My two first joints are what would surprise us to find mankind, either blonde, ruddy, or black, and yet all white people are me, but I am not all white people. Fasten these joints to my last one, and you behold the master-key and main-spring of every genuine civilization, in men or States. My all is what I, Melchizedek, Hermes Trismegistus, declare to be "the Elixer of Life," "the Philosopher's Stone," "the Water of Perpetual Youth ;" and what all philosophers who come after me will proclaim as the diamond of diamonds, because when and where I am, murder cannot be. Dissect my body, and lo! three of my limbs embody the strangest and most pleasant fiction of poesy, which all refined people are familiar with; yet no one ever beheld, yet which thousands have plainly, and clearly seen. Three of my limbs symbolize the necessity of all intelligence beneath the stars. Three more what wrong-doers undergo, and also what many do meddle with that I just have named. Take other three of my limbs and thou beholdest the cause of enormous power, wealth, and fame; and which yet is the reason of sorrow, weakness, poverty, disgrace, and dismay; but without which, no fair road of life and human experience can be travelled; and yet which life is best traveled without." Again, other three are what no genuine men ever do, but which is daily done by thousands who are false or shams. Other three, marshalled before my second joint is the only one thing needful, because therein only, can the deepest joy be found, especially by females, actors, children, and generally such as try to make things balance and off-set each other in the experience of lives, not less than fifty and three years in duration. When my last joint prevails, the times are unjointed; wars follow, carnage reddens earth's fair fields, love dies out, hatred reigns, discord rules and myriad of ills affect the world, and Chaos comes again. And yet, when I do prevail, war ends, discord ceases, concord rules, peace comes to man, and the glad age of golden thought and silver purity begins.

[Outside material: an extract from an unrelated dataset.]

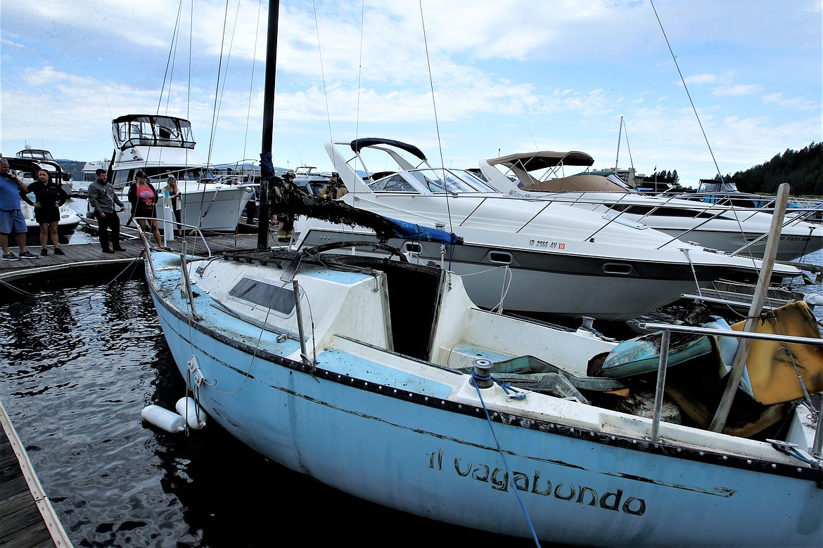 The 24-foot sailboat suffered extensive damage, but did not sink. It belongs to Rich Relyea, who arrived later and was on the phone with his insurance company.

SOLOMON'S RIDDLES. Flavius Josephus says, in his "Antiquities of the Jews," Bk. vII, Chap. 5, that Abdemon, a very youth in age, always conquered the difficult problems which Solomon, Kink of Jerusalem, caused him to explain. Josephus also says that Dius states :

"Solomon, who was then King of Jerusalem, sent riddles to Hiram, and desired to receive the like from him, but that he who could not solve them should pay money to him that did solve them, and that Hiram accepted the conditions, and when he was not able to solve the riddles [proposed by Solomon] he paid a great deal of money for his fine; but afterwards he did solve the proposed riddles by means of Abdemon, a man of Tyre; and that Hiram proposed other riddles, which, when Solomon could not solve, he paid back a great deal of money to Hiram."